(YOUR ASSIGNMENT) Your answer should repeat the entries in full, exactly as given, with no pictures.

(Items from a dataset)
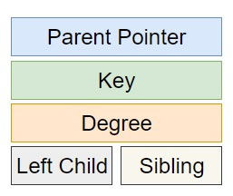 **父節點指標**:它將儲存父節點的地址,以便將其連結到二項堆結構中的其他節點。
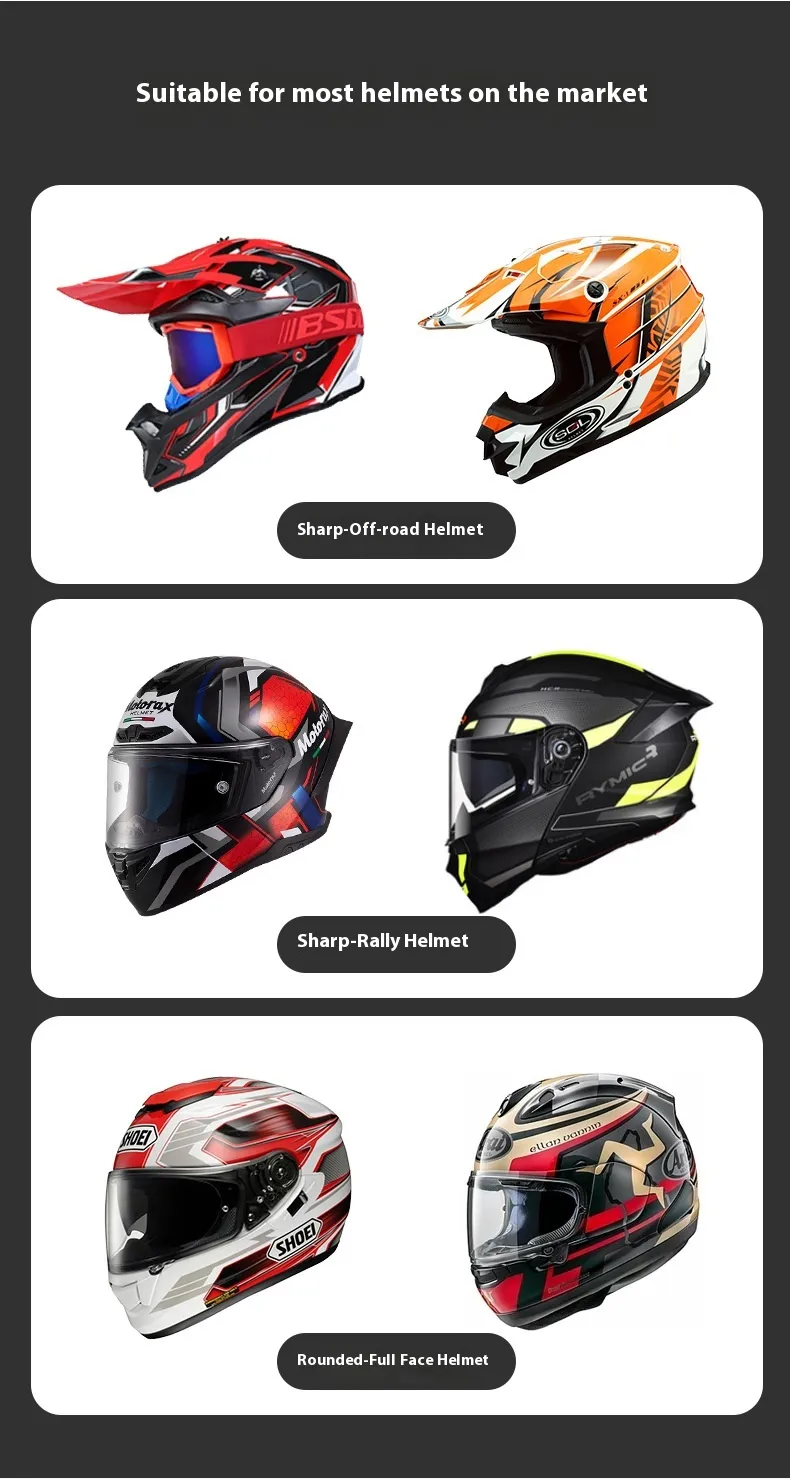 This motorcycle helmet chin camera mount is compatible with most full-face helmets and action cameras, including popular models from GoPro, DJI Osmo, and other similar brands. The included mounting hardware ensures a secure fit for a wide variety of helmet styles.
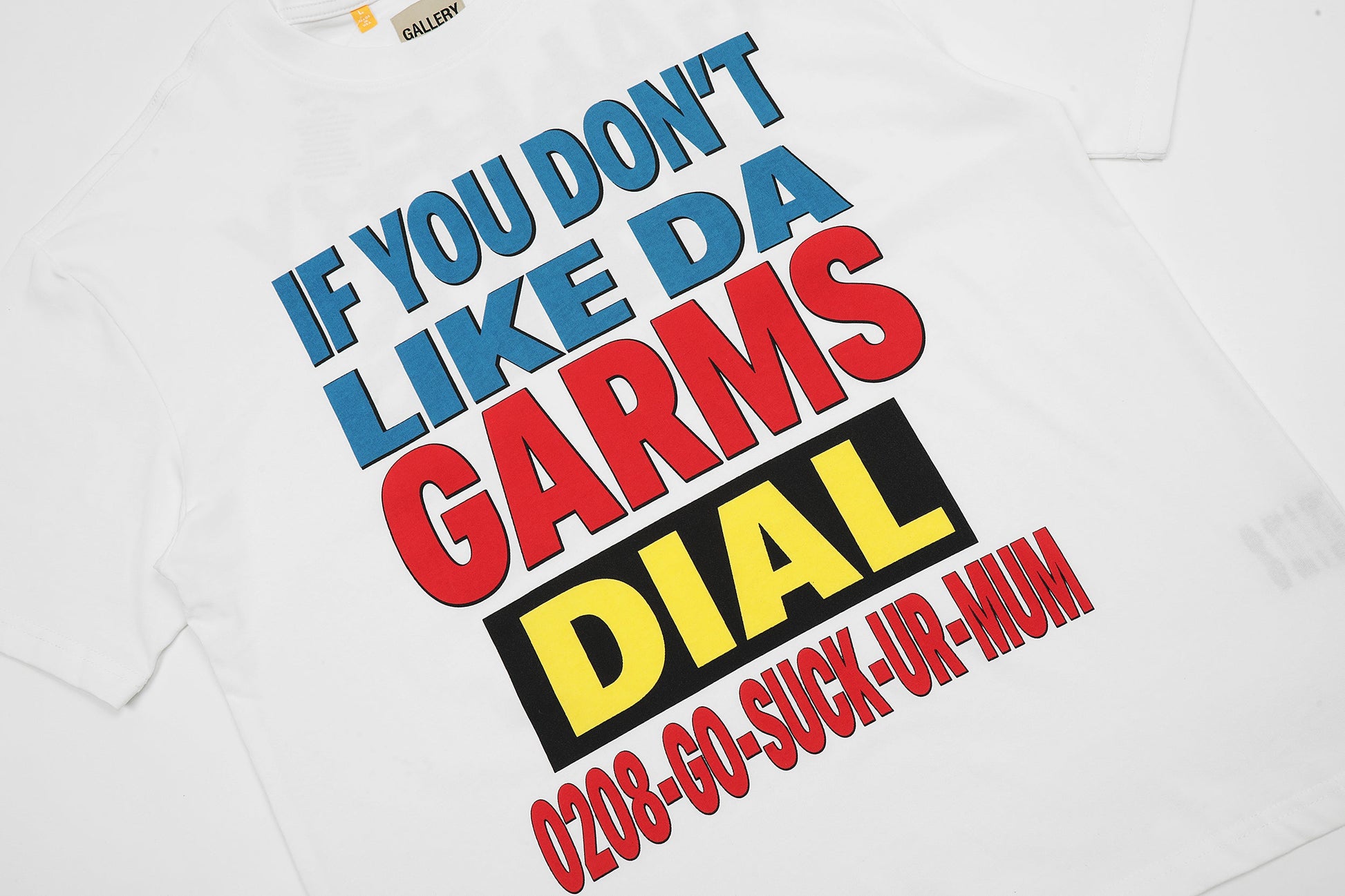 Découvrez le t-shirt « If You Don't Like Da Garms Dial » de Gallery Dept., une pièce audacieuse et ludique qui complétera à merveille votre collection streetwear. Ce t-shirt blanc, au design graphique saisissant, ne manquera pas de faire sensation où que vous alliez.
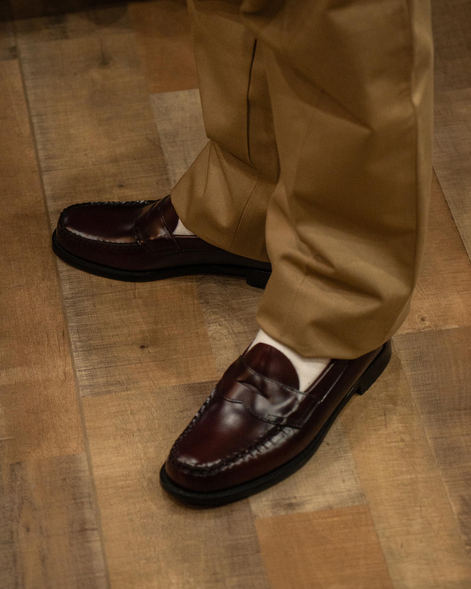 サイズ感やレビュー:BASSの定番ペニーローファー「ローガン」を着用。一点一点手縫いで仕上げたモック構造のスリッポンで、軽快で快適な履き心地です。足元に取り入れるだけで程よく品のある印象にまとまります。
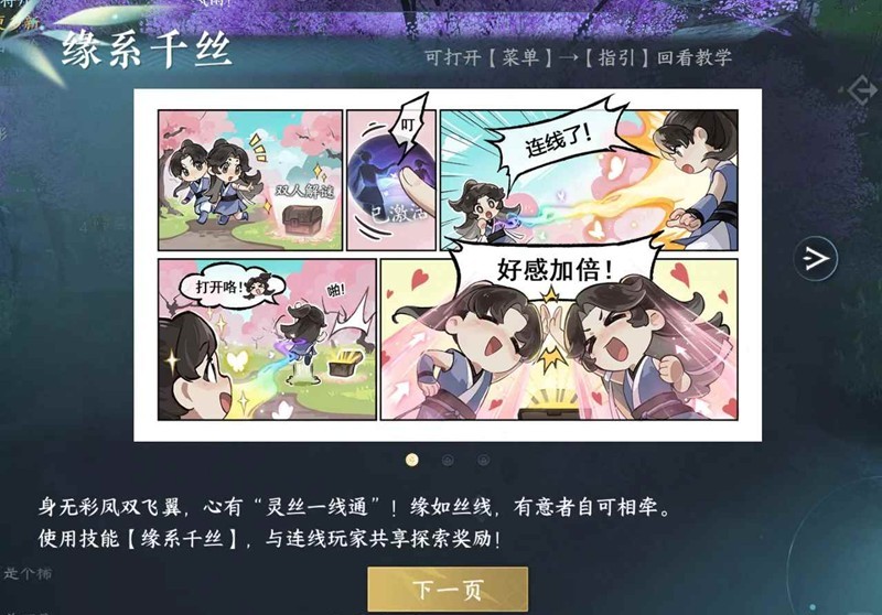 这个技能是双人探索技能,一定要找个小伙伴一起使用,和情缘、亲友一起探索,还能增加彼此的好感度哦 。
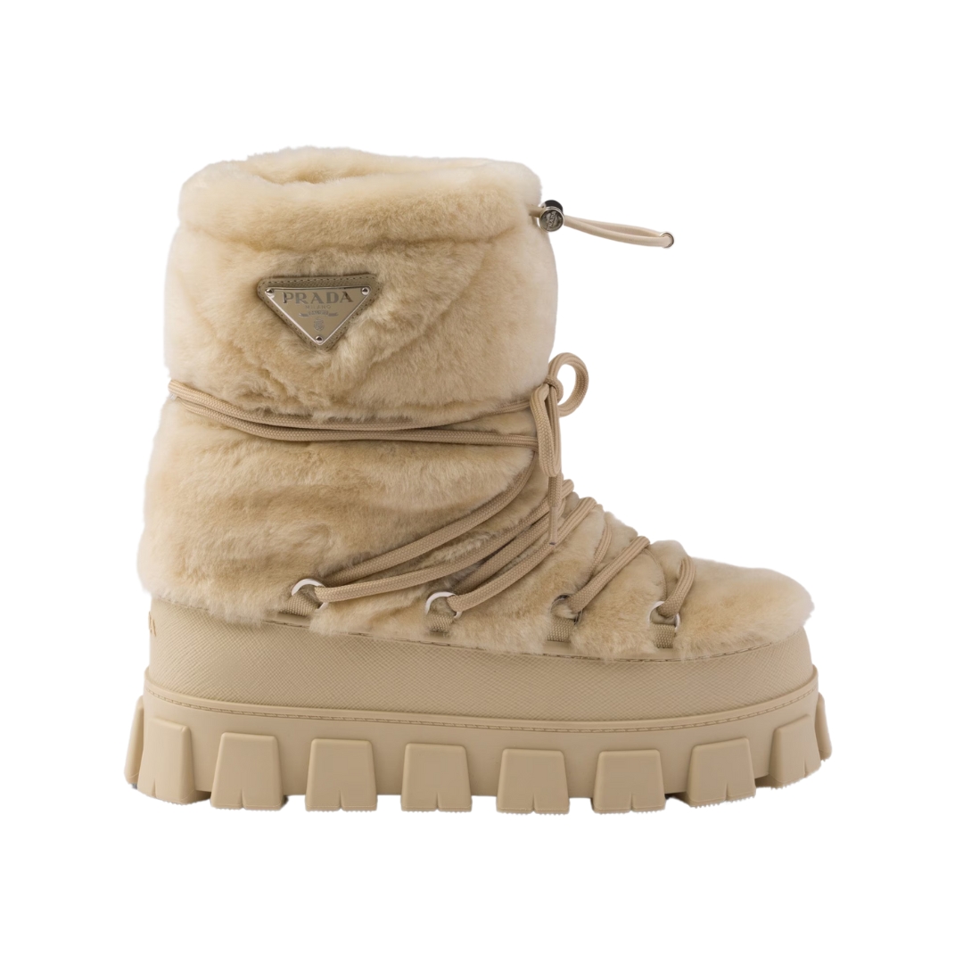 Dettagli:● Materiale: Shearling e suede● Colore: Beige● Chiusura: Lacci frontali● Logo: Triangolo Prada cucito lateralmente● Suola: In gomma carrarmato● Interno:
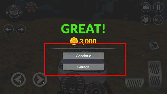 4、完成驾驶任务后,可点击“Continue”继续游戏,或点击“Garage”进入车库。
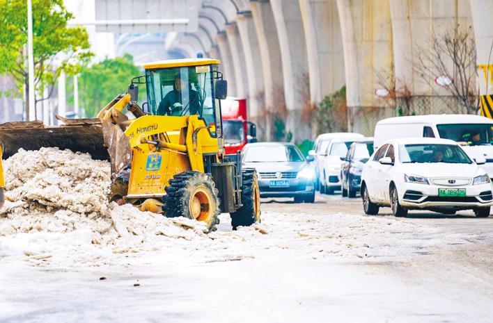 2月23日,武汉市洪山区烽胜路,几台工程机械在奋力铲除路上积存的冰雪。(湖北日报全媒记者 魏铼 摄)
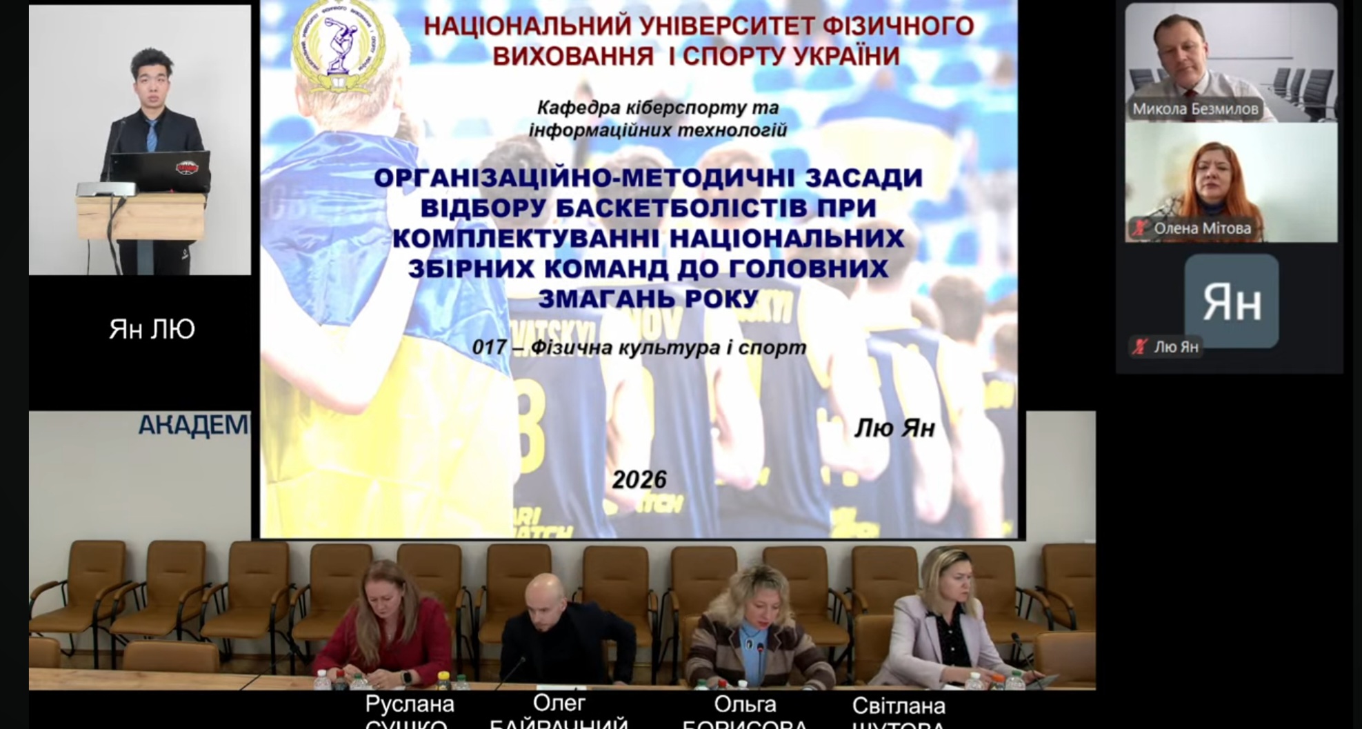 28 січня 2026 р. на засіданні спеціалізованої вченої ради ДФ 26.017.01; PhD 11443 Національного університету фізичного виховання і спорту України відбувся успішний захист дисертаційної роботи Лю Яна «Організаційно-методичні засади відбору баскетболістів при комплектуванні національних збірних команд до головних змагань року» з метою присудження йому ступеня доктора філософії з галузі знань 01 Освіта / Педагогіка за спеціальністю 017 Фізична культура і спорт.

(WRITTEN ANSWER)
 **父節點指標**:它將儲存父節點的地址,以便將其連結到二項堆結構中的其他節點。
 This motorcycle helmet chin camera mount is compatible with most full-face helmets and action cameras, including popular models from GoPro, DJI Osmo, and other similar brands. The included mounting hardware ensures a secure fit for a wide variety of helmet styles.
 Découvrez le t-shirt « If You Don't Like Da Garms Dial » de Gallery Dept., une pièce audacieuse et ludique qui complétera à merveille votre collection streetwear. Ce t-shirt blanc, au design graphique saisissant, ne manquera pas de faire sensation où que vous alliez.
 サイズ感やレビュー:BASSの定番ペニーローファー「ローガン」を着用。一点一点手縫いで仕上げたモック構造のスリッポンで、軽快で快適な履き心地です。足元に取り入れるだけで程よく品のある印象にまとまります。
 这个技能是双人探索技能,一定要找个小伙伴一起使用,和情缘、亲友一起探索,还能增加彼此的好感度哦 。
 Dettagli:● Materiale: Shearling e suede● Colore: Beige● Chiusura: Lacci frontali● Logo: Triangolo Prada cucito lateralmente● Suola: In gomma carrarmato● Interno:
 4、完成驾驶任务后,可点击“Continue”继续游戏,或点击“Garage”进入车库。
 2月23日,武汉市洪山区烽胜路,几台工程机械在奋力铲除路上积存的冰雪。(湖北日报全媒记者 魏铼 摄)
 28 січня 2026 р. на засіданні спеціалізованої вченої ради ДФ 26.017.01; PhD 11443 Національного університету фізичного виховання і спорту України відбувся успішний захист дисертаційної роботи Лю Яна «Організаційно-методичні засади відбору баскетболістів при комплектуванні національних збірних команд до головних змагань року» з метою присудження йому ступеня доктора філософії з галузі знань 01 Освіта / Педагогіка за спеціальністю 017 Фізична культура і спорт.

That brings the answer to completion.